----- The data

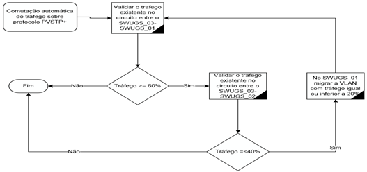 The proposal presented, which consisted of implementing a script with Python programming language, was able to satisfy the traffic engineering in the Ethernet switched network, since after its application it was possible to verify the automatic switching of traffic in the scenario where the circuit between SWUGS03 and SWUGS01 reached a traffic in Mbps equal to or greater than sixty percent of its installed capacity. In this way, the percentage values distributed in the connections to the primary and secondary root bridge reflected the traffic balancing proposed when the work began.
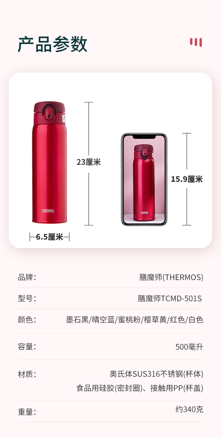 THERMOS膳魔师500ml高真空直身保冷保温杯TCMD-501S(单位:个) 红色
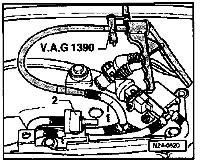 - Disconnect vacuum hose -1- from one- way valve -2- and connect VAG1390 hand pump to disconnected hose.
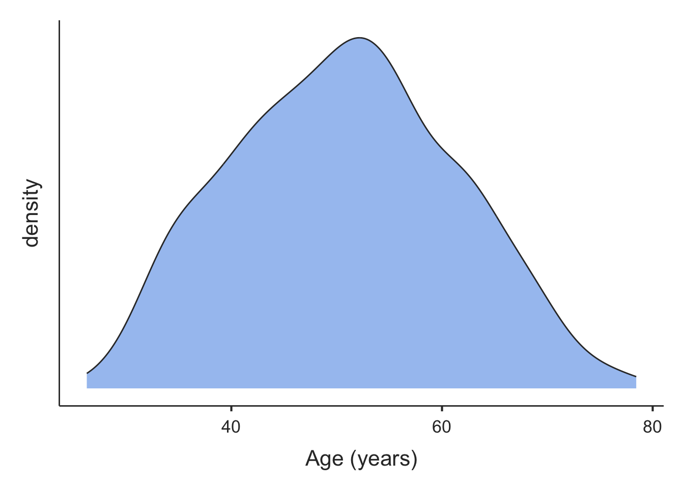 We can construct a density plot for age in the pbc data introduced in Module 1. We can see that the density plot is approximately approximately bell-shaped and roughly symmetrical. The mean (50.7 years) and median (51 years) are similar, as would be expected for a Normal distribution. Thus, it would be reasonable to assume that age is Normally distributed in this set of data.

----------
----- The data

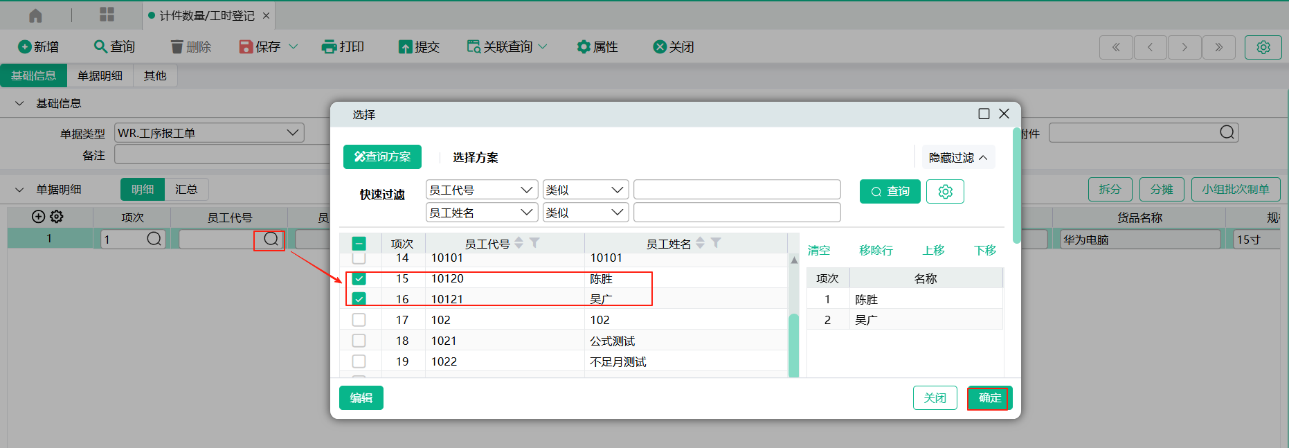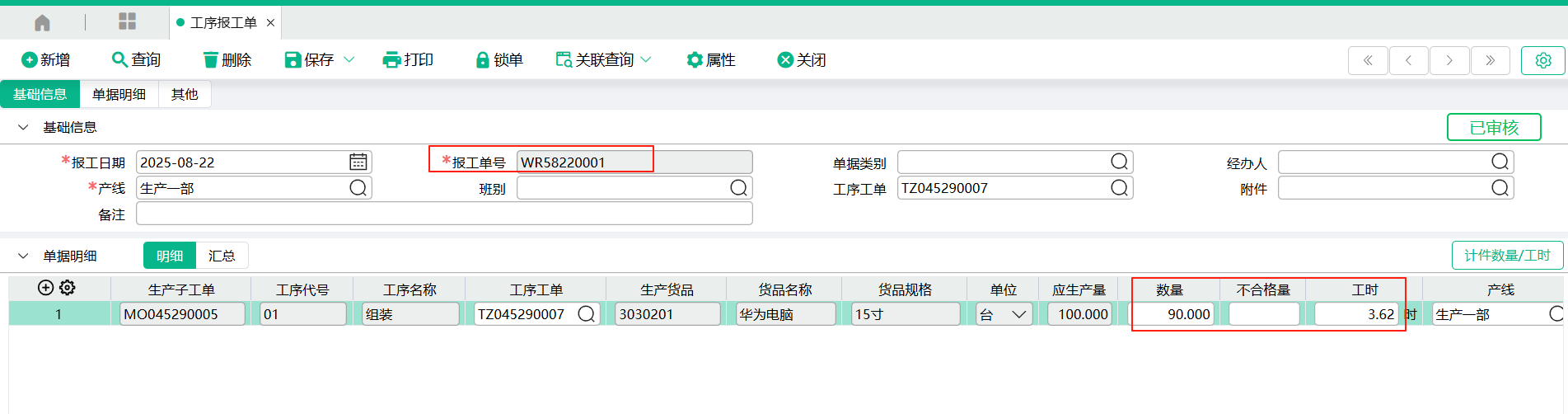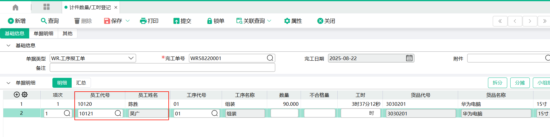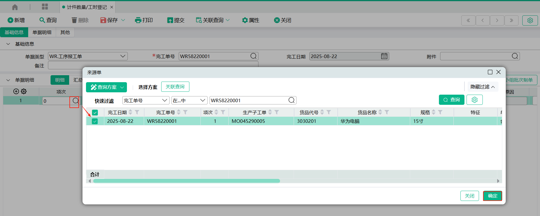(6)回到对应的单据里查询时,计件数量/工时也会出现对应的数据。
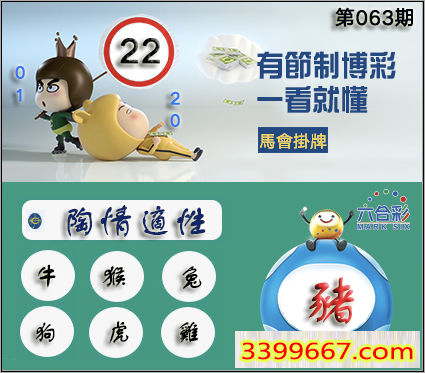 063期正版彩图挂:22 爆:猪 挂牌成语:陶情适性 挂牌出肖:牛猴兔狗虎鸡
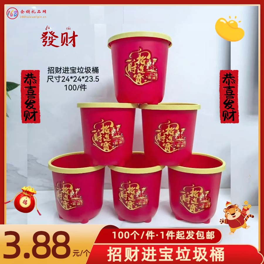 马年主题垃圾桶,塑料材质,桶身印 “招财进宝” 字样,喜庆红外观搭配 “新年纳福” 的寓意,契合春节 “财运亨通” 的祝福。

----------
----- The data

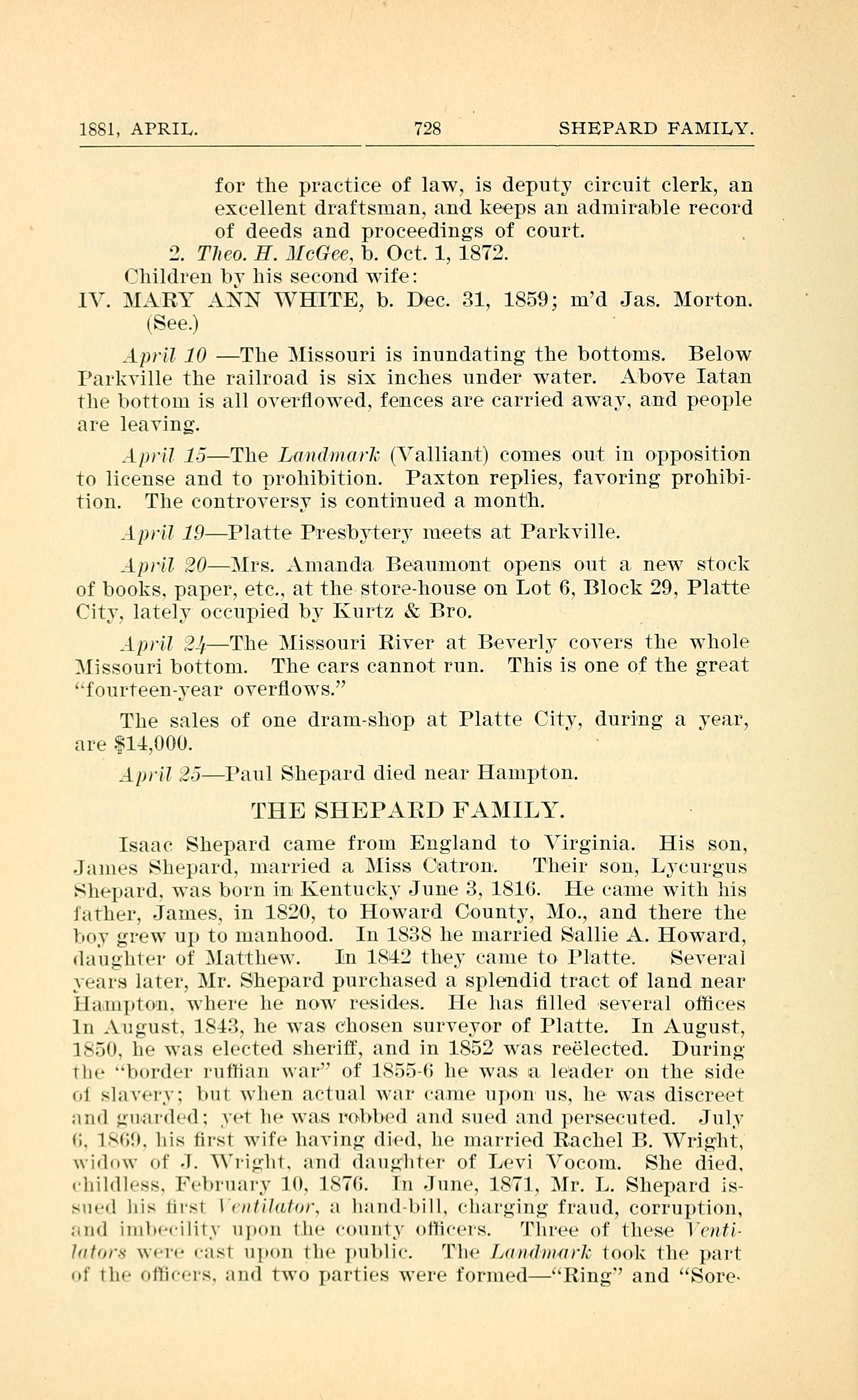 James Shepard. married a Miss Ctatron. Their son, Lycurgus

----------

Exercise requirements —
The answer must be the lines above from the one containing "THERMOS膳魔师500m" through the one containing "We can construct", reproduced exactly, with no pictures and nothing else.

Expected answer —
 THERMOS膳魔师500ml高真空直身保冷保温杯TCMD-501S(单位:个) 红色
 - Disconnect vacuum hose -1- from one- way valve -2- and connect VAG1390 hand pump to disconnected hose.
 We can construct a density plot for age in the pbc data introduced in Module 1. We can see that the density plot is approximately approximately bell-shaped and roughly symmetrical. The mean (50.7 years) and median (51 years) are similar, as would be expected for a Normal distribution. Thus, it would be reasonable to assume that age is Normally distributed in this set of data.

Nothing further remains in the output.